The Power of Habit in Teaching Our Children About God

 Photo by  Kelly Sikkema  on  Unsplash

Photo by Kelly Sikkema on Unsplash

The colossal calling of parenthood is made-up of zillions of seemingly insignificant events. Often it feels as if one blurry moment, phase, or season flows into the next before we can even make sense of it. My husband and I make rules and set boundaries and try to enforce them consistently. We try to remember that our aim is to orient our children’s hearts to be Christ-centered, rather than just seeking outward behavioral changes. But then time passes, and we see no fruit whatsoever. When obedience does occur, it often feels like our children are simply trying to avoid the consequences of misbehaving.

Are our efforts making a difference? Are the heartfelt talks, Scripture memorizations, and family devotions penetrating the hearts and souls of our little ones—or are we merely going through the motions? Well something happened recently that reminded me of what I am called to do as a mother and how the habits we create in our homes can—by God’s grace—make a life-changing impact on the hearts of our little ones.

One of Those Sunday Mornings

Attending church together as a family is something I look forward to every Sunday. But one week I could tell it was going to be one of those Sunday mornings. In the few hours between waking up and leaving for church, it felt like my husband and I had run a marathon—getting breakfast on the table, showering and dressing three small children, refereeing arguments, correcting bad attitudes. By the time we settled into our pew, I had already snapped at the kids, rushed them out the door, and was short with my husband. If there was ever a Sunday I needed to hear God’s word, it was that Sunday, but I just couldn’t focus. My children seemed to have made a pact that they were going to be the neediest children on earth that day. There were bathroom breaks, endless requests, and my personal favorite—good old-fashioned whining.

I thought, why am I even here? I haven’t heard two consecutive lines of the sermon. My kids aren’t hearing a thing. Nothing is sinking in for any of us. I should have just stayed home and watched the Food Network. I looked around at all of the other children sitting through the service with their halos on, and I was discouraged. Obviously, I was doing something wrong and failing my children.
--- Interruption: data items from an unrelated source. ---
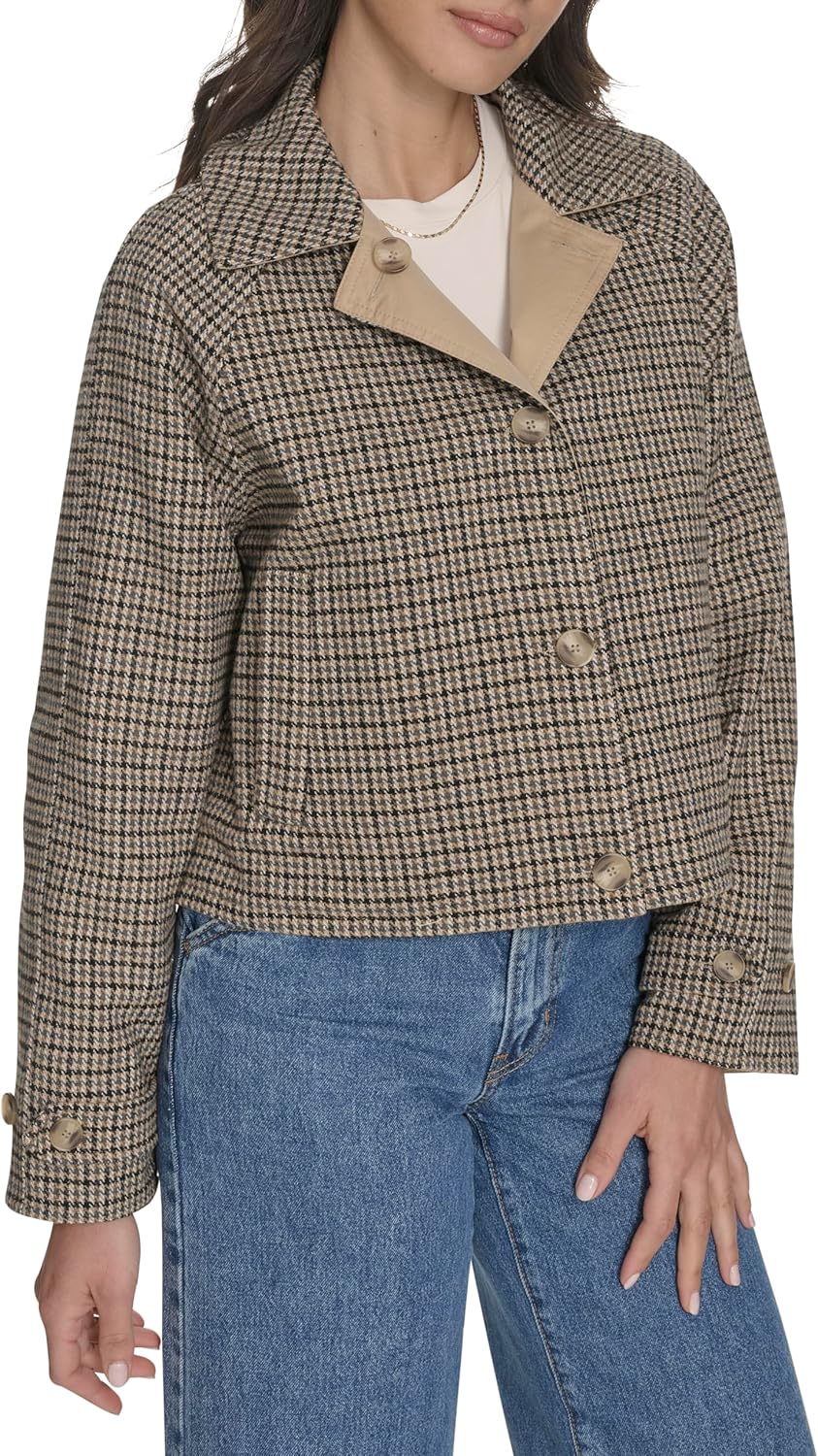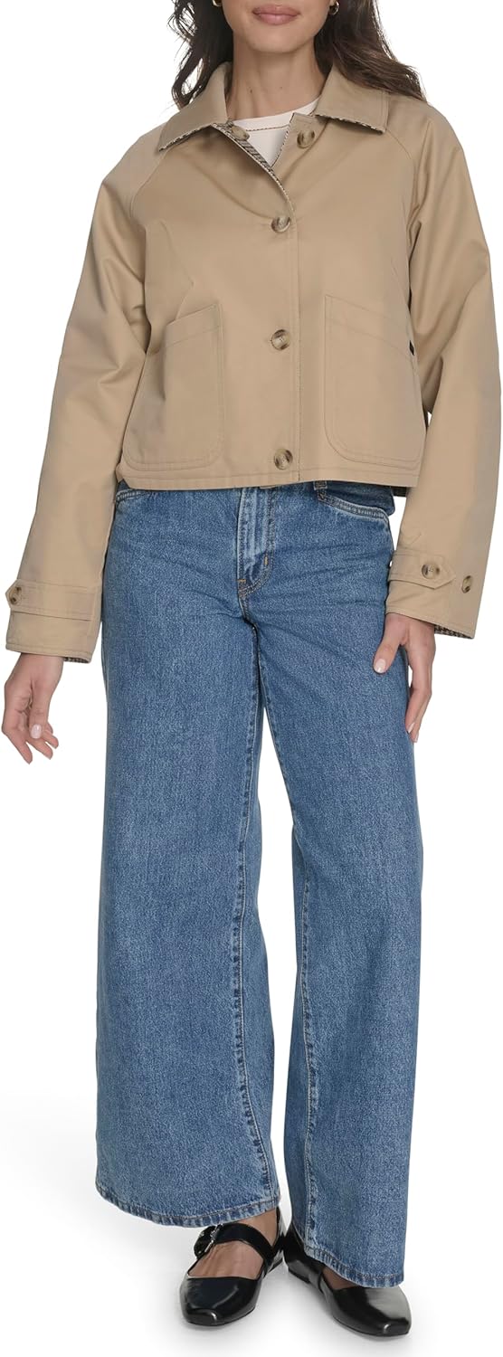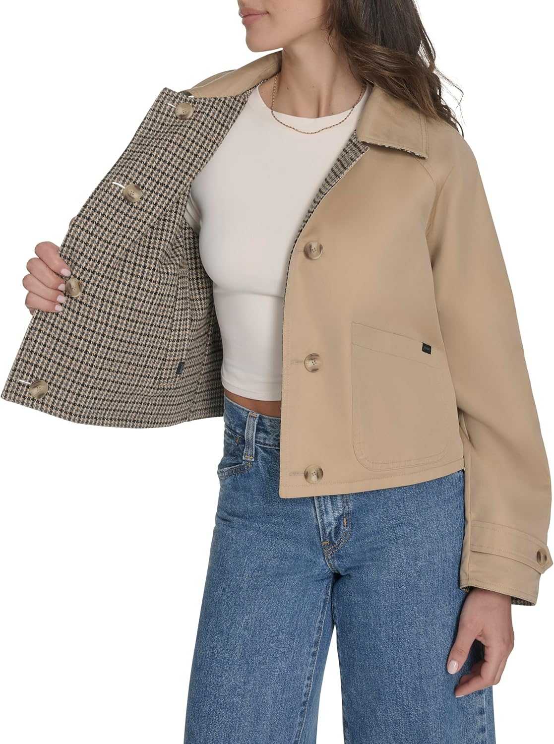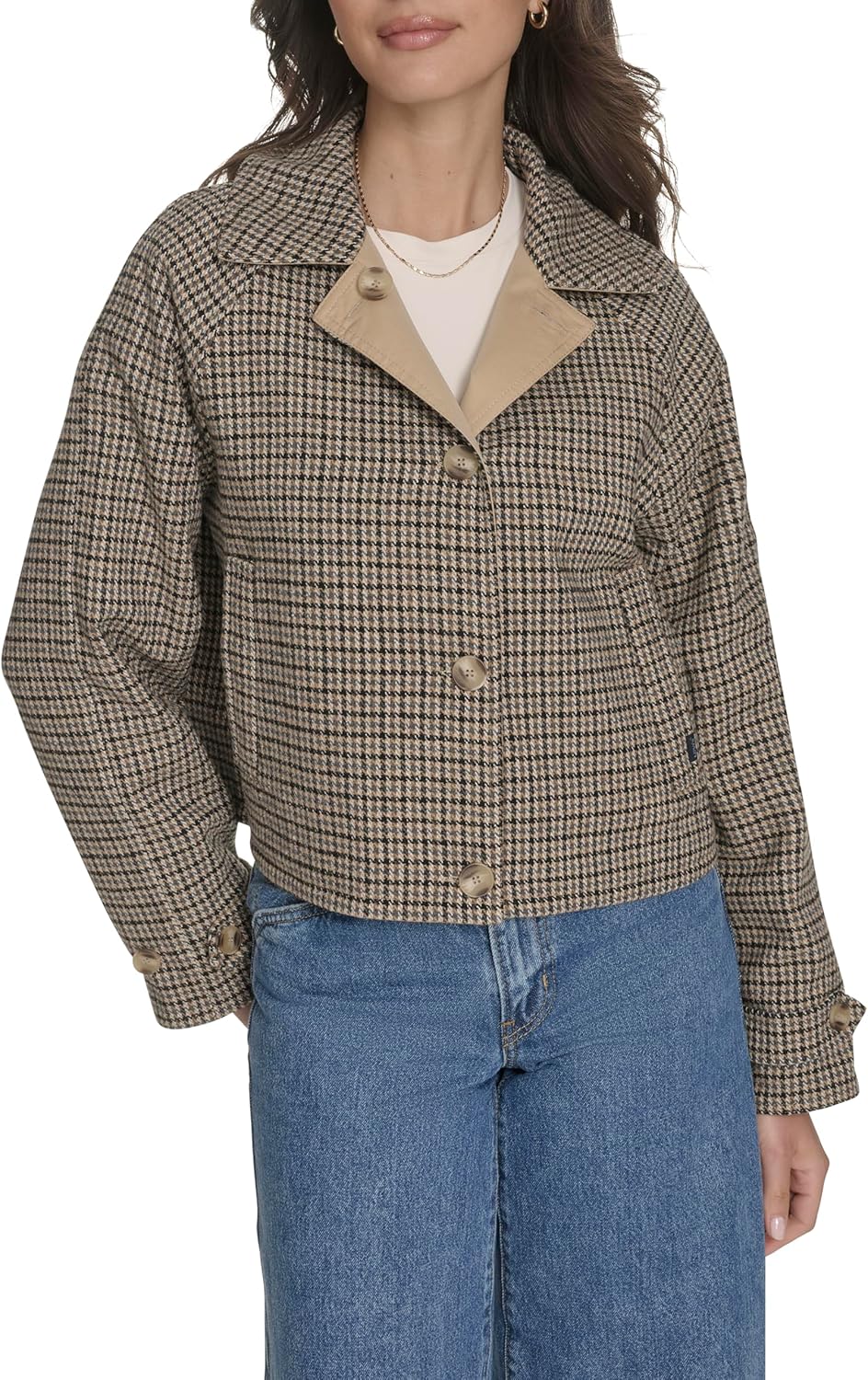 Женская двусторонняя короткая куртка-тренч Levi's предлагает два разных образа в одном стильном и непринужденном изделии. Одна сторона выполнена в классическом стиле тренча, а изнаночная сторона - в теплую клетку из шерстяной смесовой ткани для уюта и создания праздничного настроения.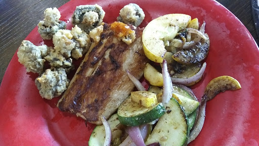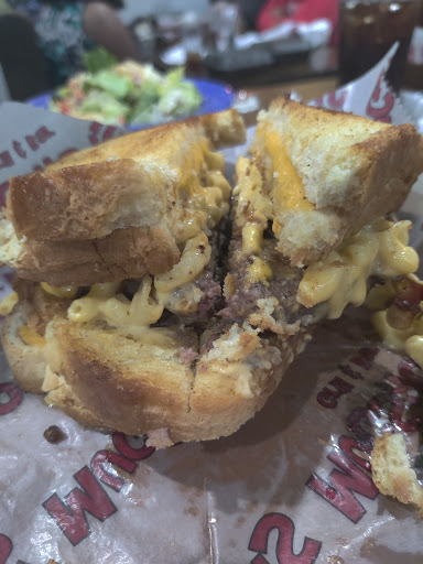 The wife had the GOBBLER they ran out of sweet potato fries so waiter told us about the other sids that she could have. Pick the side salad. The toasted sourdough bun was not toasted and tasted like it was wet and the bun tasted sweet? My Grilled Chicken Caesar was somethings that I would not come back for. Ask for the check and found out that we had to pay for the side salad? Ask the waiter about the charges and why we had to pay for it when they ran out of the sweet potatoes? He just said Cool, Cool, I ask again why and all that came out was Cool? Big tall guy that is trying to grow a beard (it looks bad). Was going to call over the manager but the wife dos not like to make a scene. Check this off my bucket list. Around the table could of been cleaned up. Every time that the side door opened-up the cigarets smock come in.
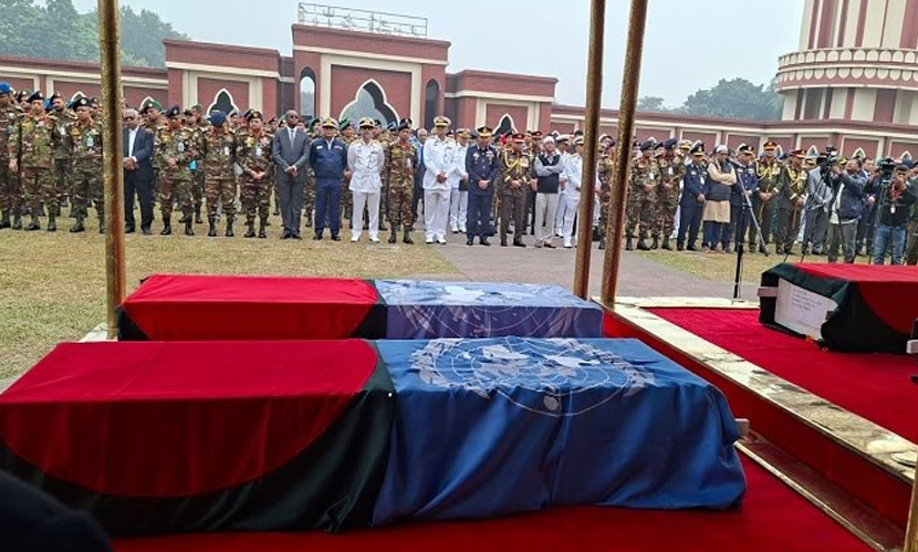 রোববার (২১ ডিসেম্বর) সকাল সাড়ে ৯টার দিকে ঢাকা সেনানিবাসের কেন্দ্রীয় মসজিদে তাদের জানাজার নামাজ অনুষ্ঠিত হয়। জানাজা শেষে শহিদ শান্তিরক্ষীদের মরদেহে রাষ্ট্রপতি ও প্রধান উপদেষ্টার পক্ষ থেকে শ্রদ্ধা জানানো হয়।
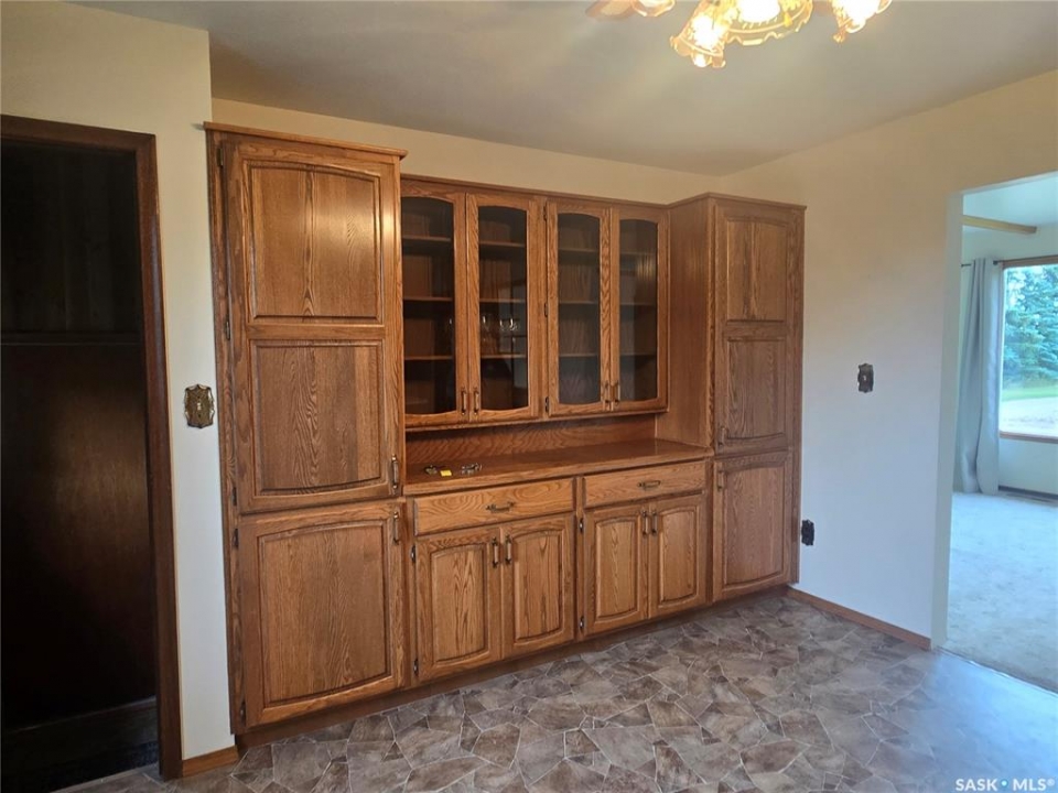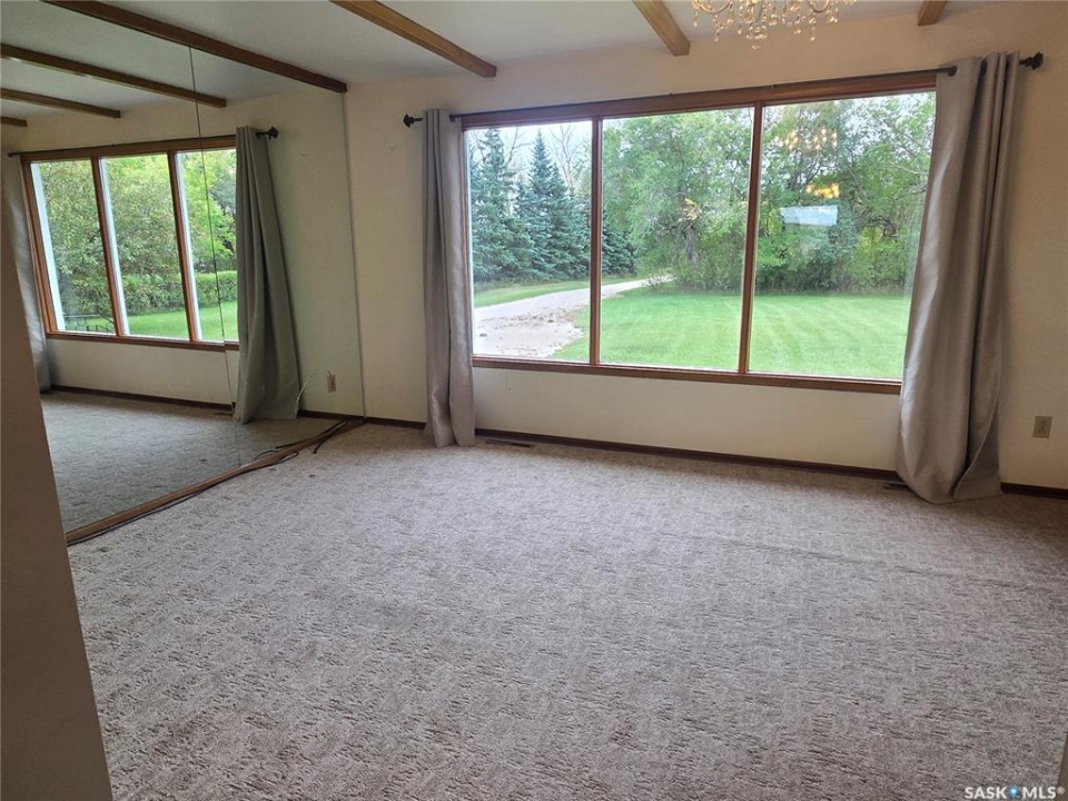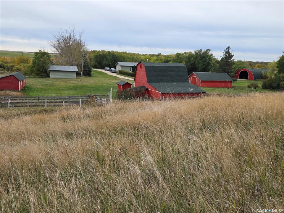 Nestled within the quiet countryside of the RM of Grayson No. 184, the Kuntz Acreage offers the perfect blend of rural charm, space, and functionality. Situated on 15.25 acres of beautifully sheltered land, this six-bedroom bungalow provides room for family, hobbies, and the serenity that only country living can bring. Step inside to find a welcoming main floor featuring a bright, open-concept kitchen and dining area, complete with solid oak cabinetry and plenty of counter space for cooking and gathering. The spacious living room invites relaxation with its generous size and cozy atmosphere. Down the hall, you'll find five comfortable bedrooms on the main floor, offering flexibility for family, guests, or home office use, along with a 3-piece bathroom conveniently located nearby. The fully finished basement adds even more living space, featuring a large family room, an additional bedroom, and a utility area with ample storage and workspace. The home's systems include electric and oil-forced air heating, a central vacuum system, reverse osmosis water treatment, and softener, ensuring comfort and practicality year-round. Outside, the acreage truly shines. A lush mature shelter belt surrounds the property, offering privacy and protection. The beautifully maintained yard includes fruit-bearing trees—apple and saskatoon—along with raspberry and haskap bushes, a large garden area, and a greenhouse for extended growing seasons. There's plenty of space for equipment, recreation, and outdoor projects, with a gravel driveway, attached single garage, garden shed, and open parking. This property backs onto open fields, providing stunning prairie views and an unmatched sense of peace. Conveniently located just a short drive south of Melville and near the community of Grayson, the acreage offers both seclusion and accessibility. If you're dreaming of country living with room to grow, garden, and enjoy the outdoors, the Kuntz Acreage could be your perfect match.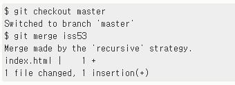 Iss53 작업이 끝나면 위처럼 master브랜치로 변경하여 merge를 진행한다.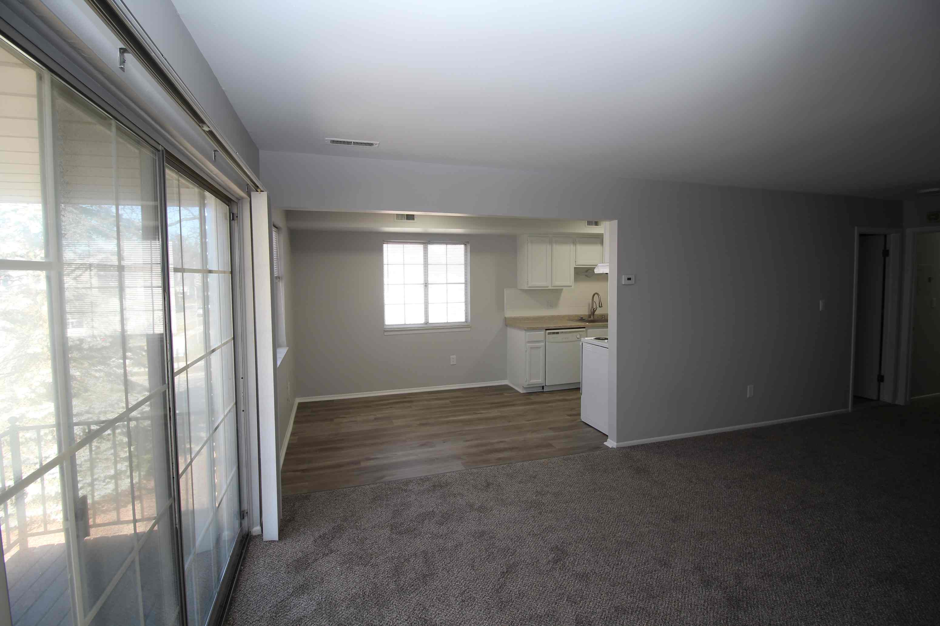 Freshly Renovated First Floor Royal Oak Apartment Eat-In Kitchen, Stone Back Splash Flooring, Appliances included - Large Dining Area - Freshly Painted Throughout in Beautiful Gray Tones - Oversized Living Area - Sliding Glass Doors Open to your own Balcony- Convenient Front Entry Closet - Large Bedroom has double Closets Space Tons of Natural Light - All New Plush Carpeting Throughout - Central AC - Apartment Includes One Assigned Carport - Coin Laundry On-Site - Water Gas Heat Included electric is residents responsibility 1.5 month security deposit and 1 month rent due at lease signing, $300 Cleaning Fee along wa Lease Setup fee of $99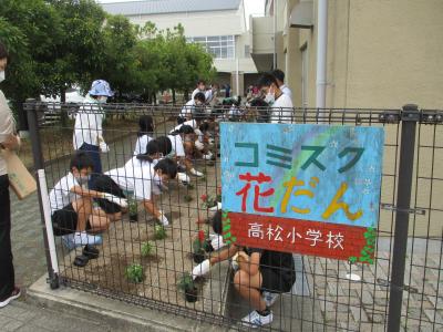 今日の昼休みに、地域の方々にお手伝いして頂き、コミスク花壇に花の苗を植えました。環境委員会の子どもたちの他にボランティアを募ったところ、30人以上の子どもたちが手伝いに来てくれました。子どもたちと地域の方々とで植えた色とりどりの花が、夏から秋にかけて学校の玄関をきれいに飾ってくれるでしょう。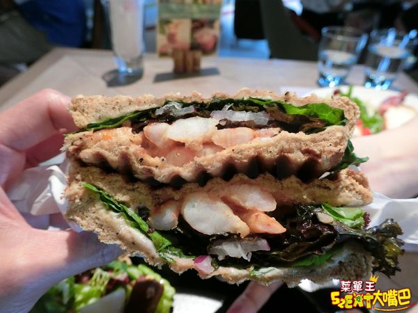 ▼彈牙的鮮蝦加上海鮮沙拉醬,鮮度破表,感覺痛風都要發作了~哈哈,加上大量的生菜配上海鮮醬,從第一口到最後都不感覺膩。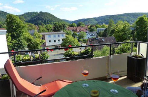 Unsere Fewos liegen im 2. Obergeschoss einer gepflegten Wohnanlage. Sie sind mit 55 qm und 33qm sehr geräumig und bietet 2-6 Personen Platz. Auf den beiden überdachten Sonnenbalkons können Sie den Ausblick auf den Burgberg genießen, grillen oder sich auf unseren Liegen sonnen. Im gemütlichen Wohnzimmer der Whg. Nr.1 befindet sich die Doppelschlafcouch neben Fernsehsessel und dem Essplatz. Das Schlafzimmer verfügt über 2 Einzelbetten und einem großen Kleiderschrank. Weiterhin gibt es 1 Badezimmer mit Wanne/Dusche und eine komplett ausgestattete Küche mit Geschirrspüler, Ceranfeld, Kühlschrank mit Gefrierfach usw.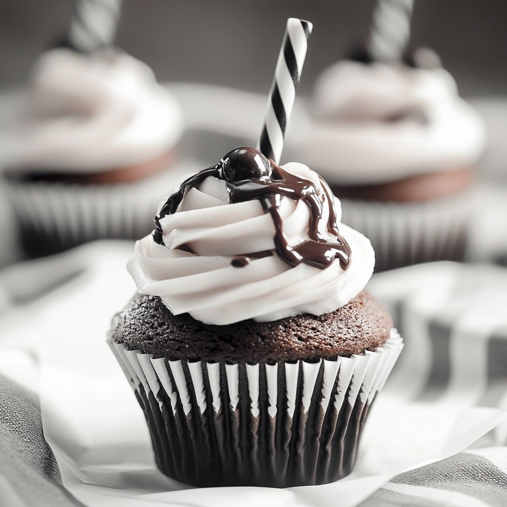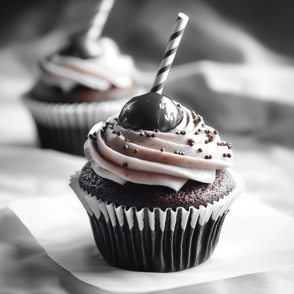 Black and White Malt Shoppe Cupcakes brilliantly capture the essence of a vintage malt shop in a modern, portable dessert.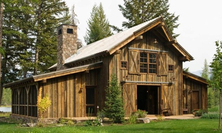- Хамбар. Минималистична правоъгълна къща с двускатен покрив. По същество това е плевня, превърната в жилище. Прост, но много уютен на външен вид, не изисква никакви излишни украшения.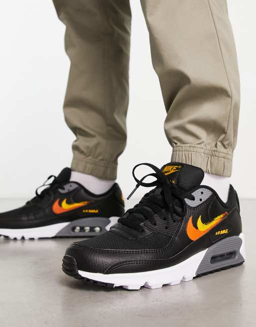 Nike Air Max 90 double swoosh spray trainers in black and orange

I left church that day feeling incredibly irritated with my children and myself.

The Power of Ritual and Habit

But God, in all of his goodness, decided to open my eyes the following Sunday. We had made it (alive) through the service, and it was time for the Lord’s Supper. Holding my cup of wine, I noticed that my three-and-a-half-year-old daughter had filled the lid to her water bottle with water and was eagerly awaiting the moment when we would all partake together. It was the cutest thing I had ever seen. At her age she couldn’t fully understand what Communion is, but she wanted to partake in the ritual she had seen performed every Sunday since she was born. In that moment, I was able to connect the dots. Our children won’t always understand what we are doing for them—or with them—the first, second, third, or maybe ten-thousandth time we do it. But it doesn’t mean that nothing is happening. There is power in ritual and habit.

Shaping Hearts and Minds to God’s Glory

The fact is that taking our children to church each Sunday to worship the living God—rain or shine, good attitudes or bad—is shaping their hearts and minds about what is important. Maybe we hear the whole sermon or only a couple of lines. Either way, God blesses us for our obedience to him. Our kids absorb things, even subconsciously, that God can use in their lives.

So, I just want to encourage all of you parents. We may not see the fruit of our labors today, but we serve an all-powerful God who often uses very ordinary means to accomplish his work. Continue to be steadfast in your efforts to point the hearts and lives of your children toward him. What an amazing opportunity we have as parents to help shape the habits of our little ones while they are still under our care.